Diakatakannya, tugas supervisor diantaranya menganalisa dan mendiagnosa penyakit pasien, PPDS (Program Pendidikan Dokter Spesialis) membantu dan melaporkan kasus kepada supervisor dan koas mendampingi PPDS dan tidak boleh mengambil tindakan.
“Kalau hanya di Pirngadi saja, seorang koas dari mulai masuk sampai menjadi dokter memerlukan waktu sampai 88 minggu. Inipun kalau lulus semua. Kecuali USU karena ada rumah sakit Adam Malik,’ ucapnya.
Sementara mengenai penyeimbangan RSU Pirngadi sebagai rumah sakit plus pendidikan dalam menyeimbangkan antara pelayanan dan pendidikan itu sendiri. Dokter Ali mengatakan untuk itu antara lain dengan memenuhi peralatan, memperbaiki sarana, prasarana dan infrastruktur. Dimana ada pendidikan yang baik disitu ada pelayanan yang baik. “Kalaupun ada keluhan pasien itu menjadi pemicu dan koreksi buat kita.
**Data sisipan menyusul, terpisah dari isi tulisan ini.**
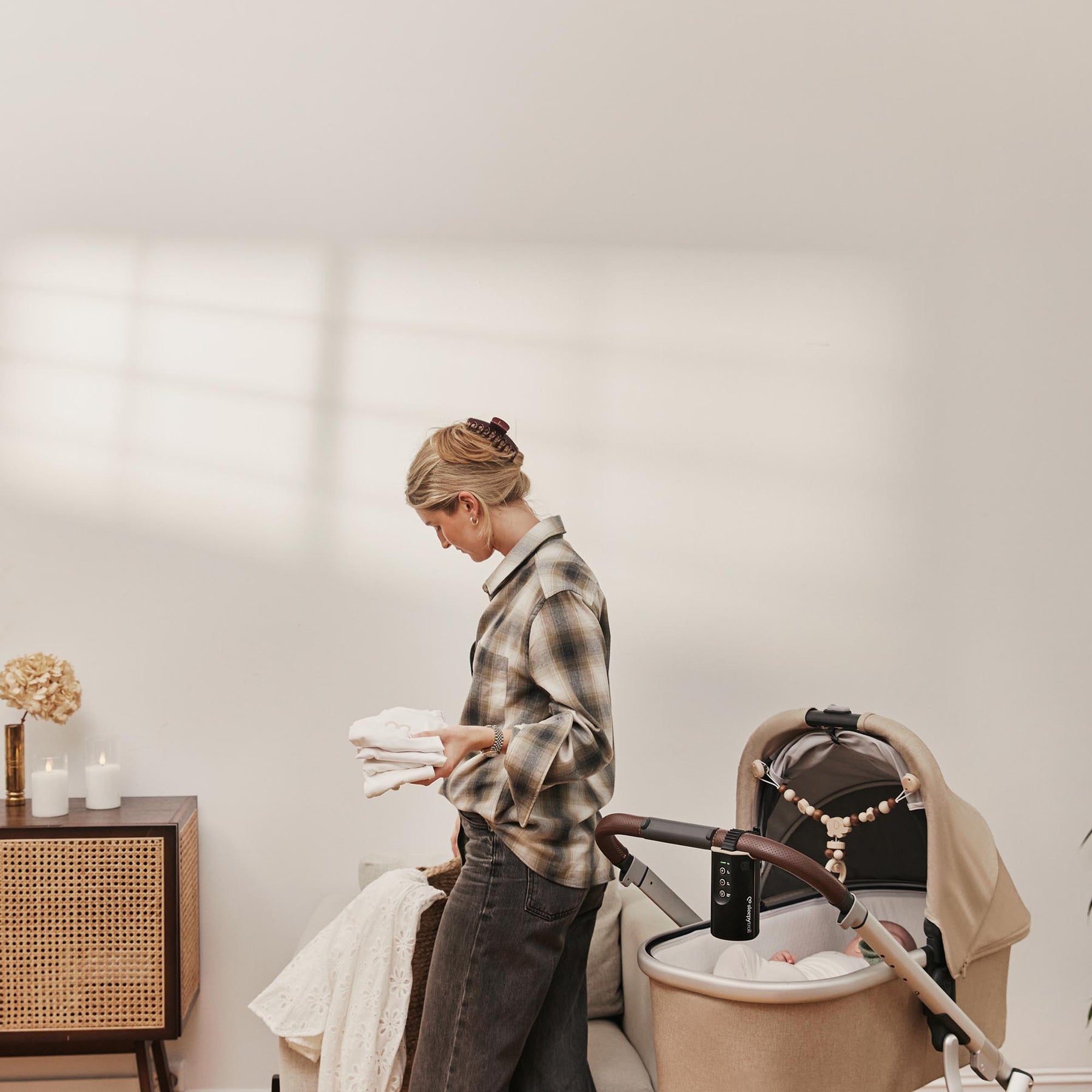 - Тихий, надійний мотор справляється з важчими та двійними візочками, забезпечуючи плавне й стабільне гойдання.

Kita harus melayani dengan hati dalam konteks pelayanan,” katanya.
Namun pada dasarnya, diruang kelas III dimana pasien miskin banyak terdapat diruangan tersebut, menurut pantauan Tribun, jarang sekali dan bahkan tidak ada dokter spesialis yang visit di ruangan tersebut, kebanyakan anak mahasiswa kedokteran yang sedang belajar berada di ruangan pasien miskin tersebut.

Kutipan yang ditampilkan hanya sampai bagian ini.